Laut dem aktuell erschienenen Jahresbericht „Organspende und Transplantation in Deutschland 2020“ der Deutschen Stiftung Organtransplantation (DSO) blieb die Zahl der Organspender trotz der COVID-19-Pandemie fast unverändert.

Organspende und Transplantation während der COVID-19-Pandemie

Der Jahresbericht gibt Einsicht in das enorme Engagement des ärztlichen und pflegerischen Personals auf den Intensivstationen und zeigt in beeindruckender Weise, dass die Organspende unter dem Einfluss der COVID-19-Pandemie hierzulande relativ uneingeschränkt fortgeführt werden konnte, teilte die DSO mit. Im Gegensatz zu anderen europäischen Ländern, in denen zum Teil prozentual zweistellige Einbrüche bei der postmortalen Organspende zu beobachten waren, blieb die Zahl der Organspender in Deutschland im Jahr 2020 gegenüber dem Vorjahr nahezu unverändert. Im Jahr 2020 spendeten insgesamt 913 Menschen nach ihrem Tod 2.941 Organe – insgesamt waren es 19 Spender und 54 Organe weniger als im Jahr 2019.(1, 2)

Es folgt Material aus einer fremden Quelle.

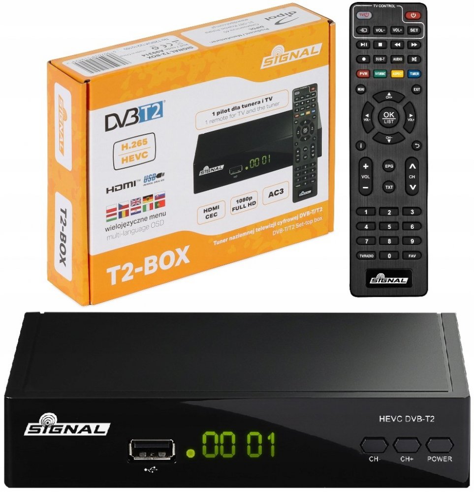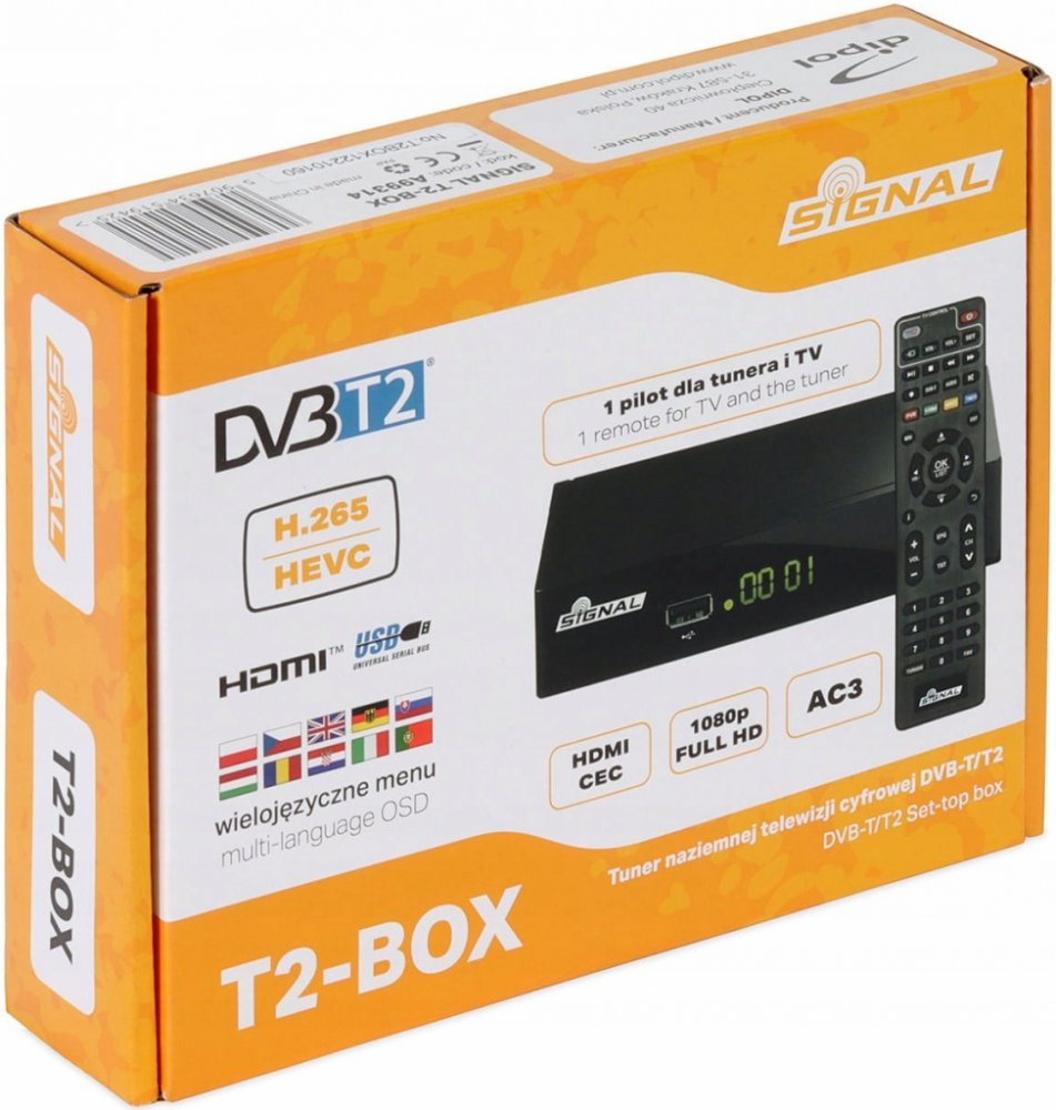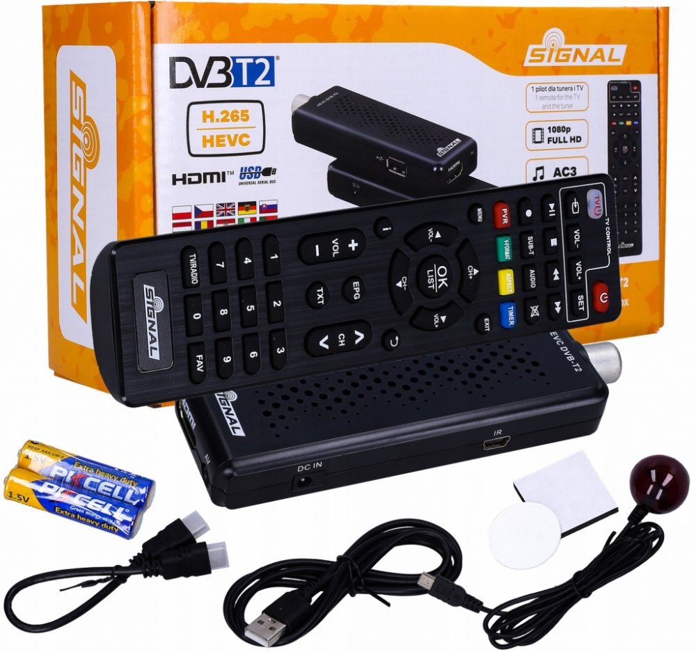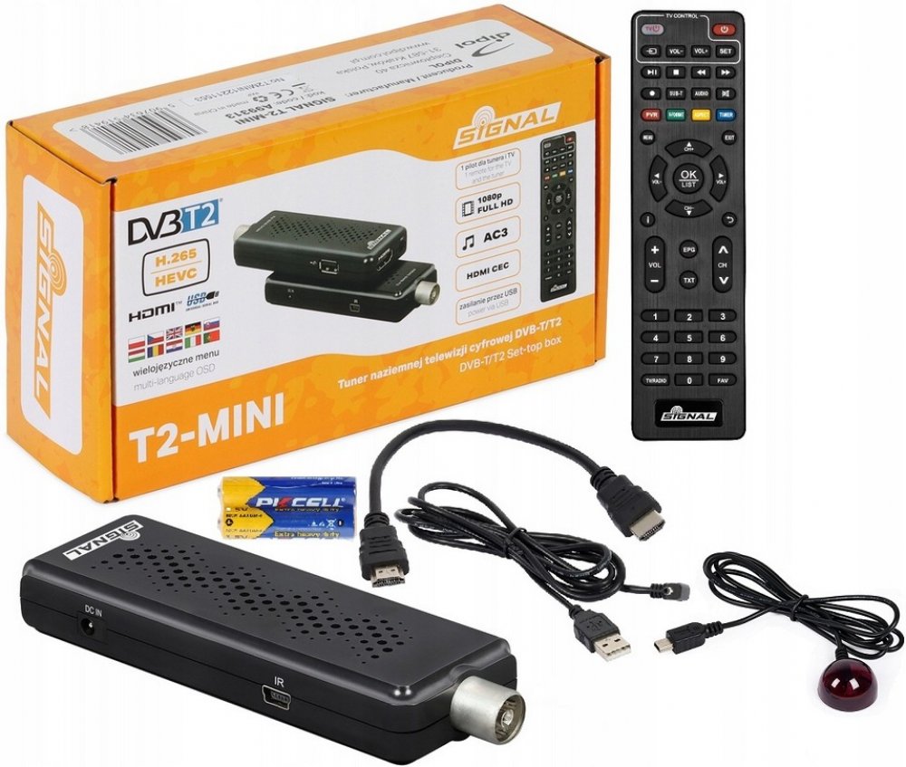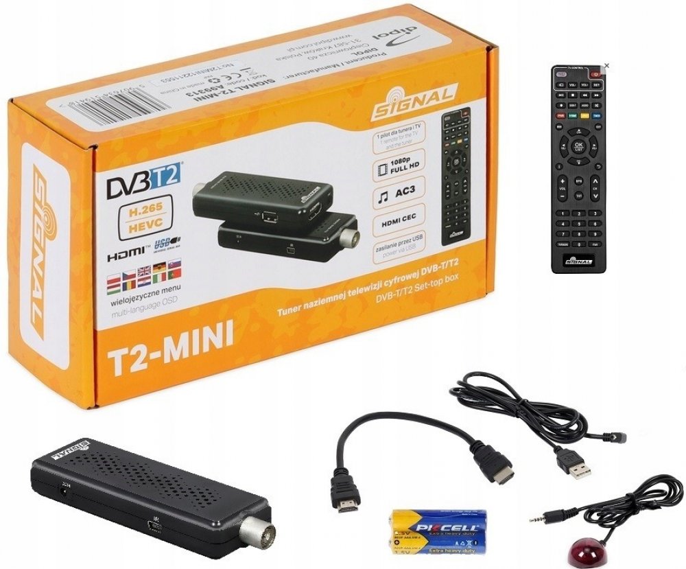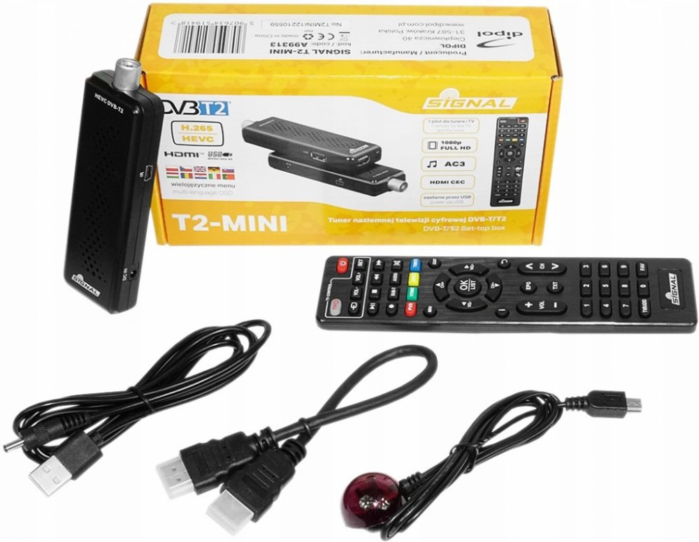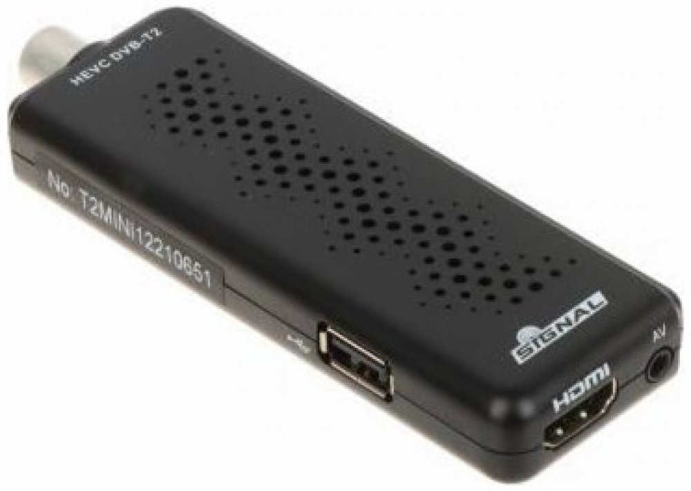 T2-MINI značky Signal je miniaturní tuner DVB-T/T2 určený pro příjem bezplatných pozemních televizních kanálů. Je plně kompatibilní s video kodekem HEVC a audio E-AC-3, takže se bez problémů hodí pro příjem i po změně způsobu kódování na H.265 se zvukem Dolby.
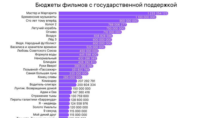 Первое место по объему государственной поддержки занял фильм с общим бюджетом в один миллиард рублей «Бременские музыканты», получивший 700 миллионов рублей господдержки. Следом за ним в списке — фантастическая лента «Сто лет тому вперед», получившая 615 млн рублей от государства (общий бюджет фильма — 900 млн рублей), и масштабная экранизация «Мастер и Маргарита» с общим бюджетом фильма около 1 млрд рублей, из которых 600 млн руб. составило государственное финансирование. Все три проекта сопровождались активными рекламными кампаниями и ставкой на массовую аудиторию.
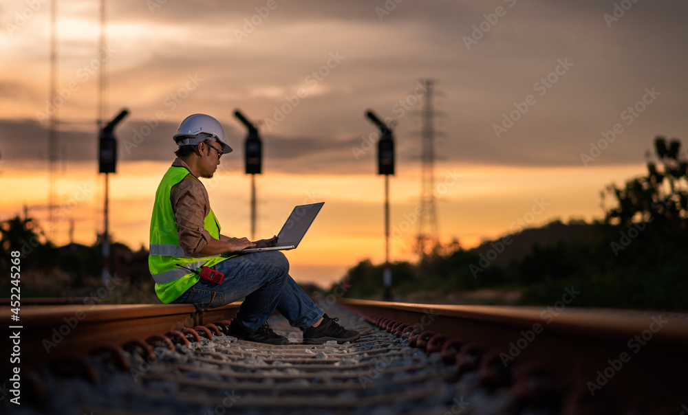 Engineer under inspection and checking construction process railway switch and checking work on railroad station .Engineer wearing safety uniform and safety helmet in work.
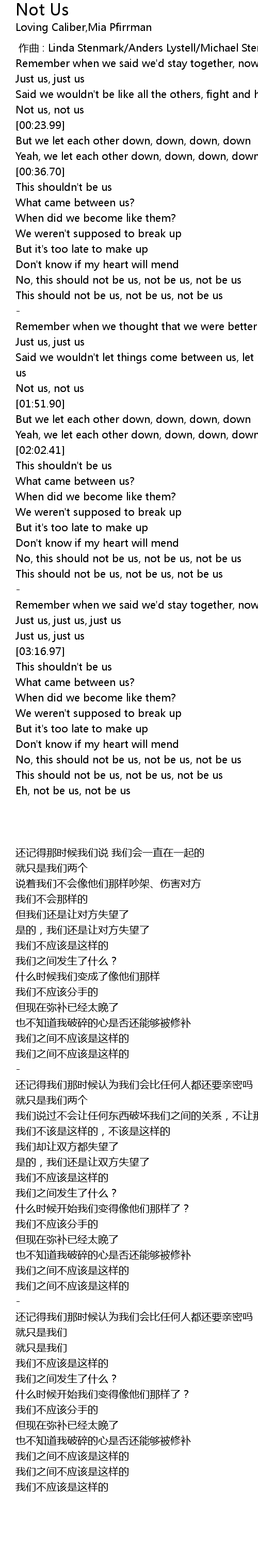 | [00:55.99] | This should not be us, not be us, not be us |
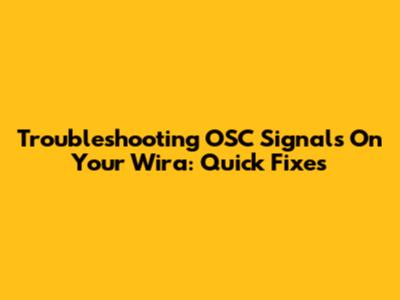 Troubleshooting OSC Signals On Your Wira: Quick Fixes
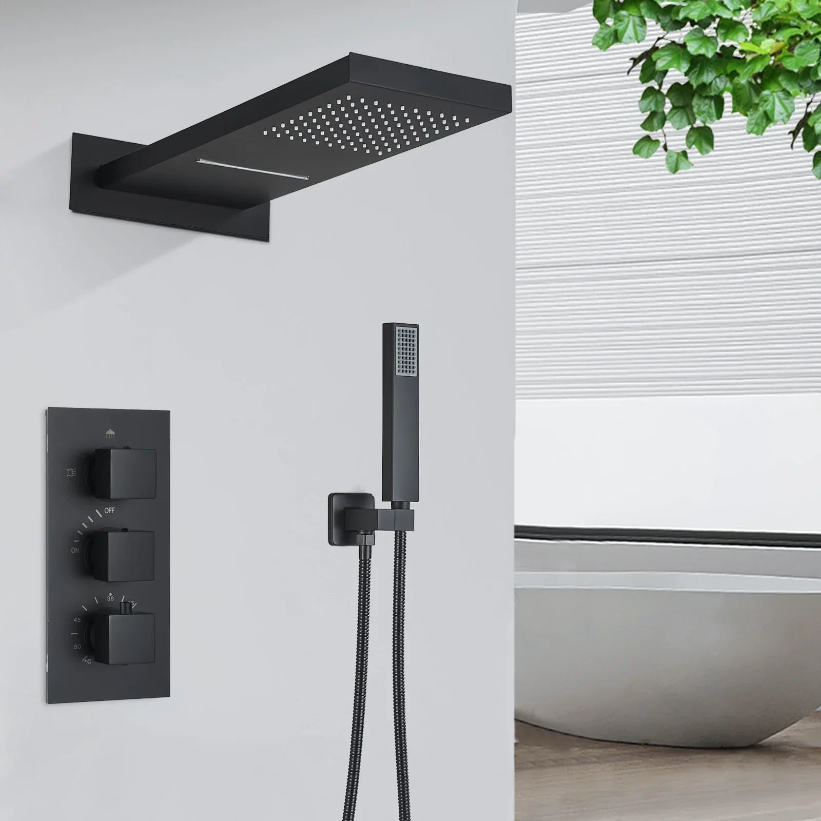 Sumérgete en el lujo de este sistema de ducha de alta gama, con grifería termostática para una combinación perfecta de agua caliente y fría. Con tres manijas para un control óptimo, este conjunto de ducha irradia sofisticación y elegancia.
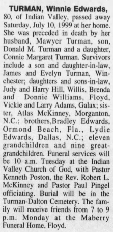 Brenda Gay Turman Williams, d/o Mawyer Eldridge & Winnie
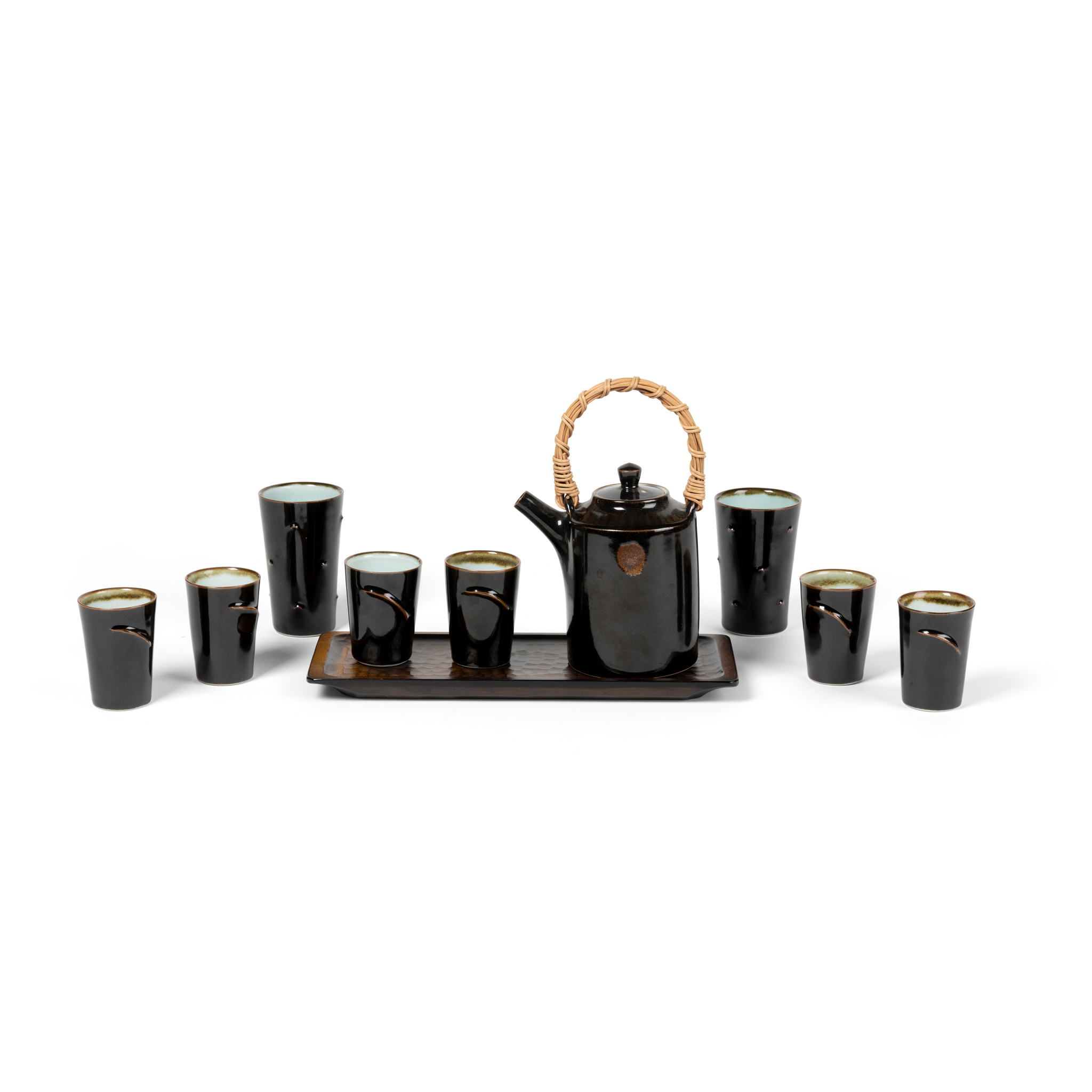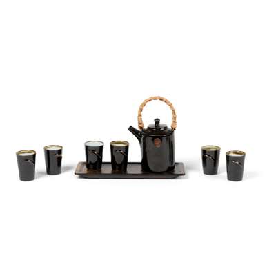 comprising teapot, six small beakers and two larger beakers, each with impressed maker's seal, porcelain, tenmoku, with carved wooden tray

Dass die Organspende in Deutschland ohne einen starken Einbruch fortgeführt werden konnte, hatte laut DSO vermutlich mehrere Gründe:

  • So war weiterhin ein unverändertes Engagement in den Entnahmekrankenhäusern für die Organspende festzustellen. Die Zahl der Fälle, in denen sich Krankenhäuser an die DSO wendeten, um die Möglichkeit einer Organspende zu besprechen, war im Jahr 2020 sogar gestiegen.
  • Durch politische flexible Reaktion der Krankenhäuser und passende politische Rahmenbedingungen konnte zudem eine breite Überforderung der Intensivstationen vermieden werden.
  • Zudem wurden frühzeitig mit allen beteiligten Institutionen Regelungen getroffen, um auch während der Pandemie die Sicherheit für die Empfänger im Organspendeprozess zu gewährleisten, so dass die Transplantationen nach postmortaler Organspende an allen Transplantationszentren fortgesetzt werden konnte. Im Gegensatz dazu wurde die Organtransplantation nach Lebendspende an einigen Zentren insbesondere zu Beginn der Pandemie zur Sicherheit auch der Lebendspender eingeschränkt.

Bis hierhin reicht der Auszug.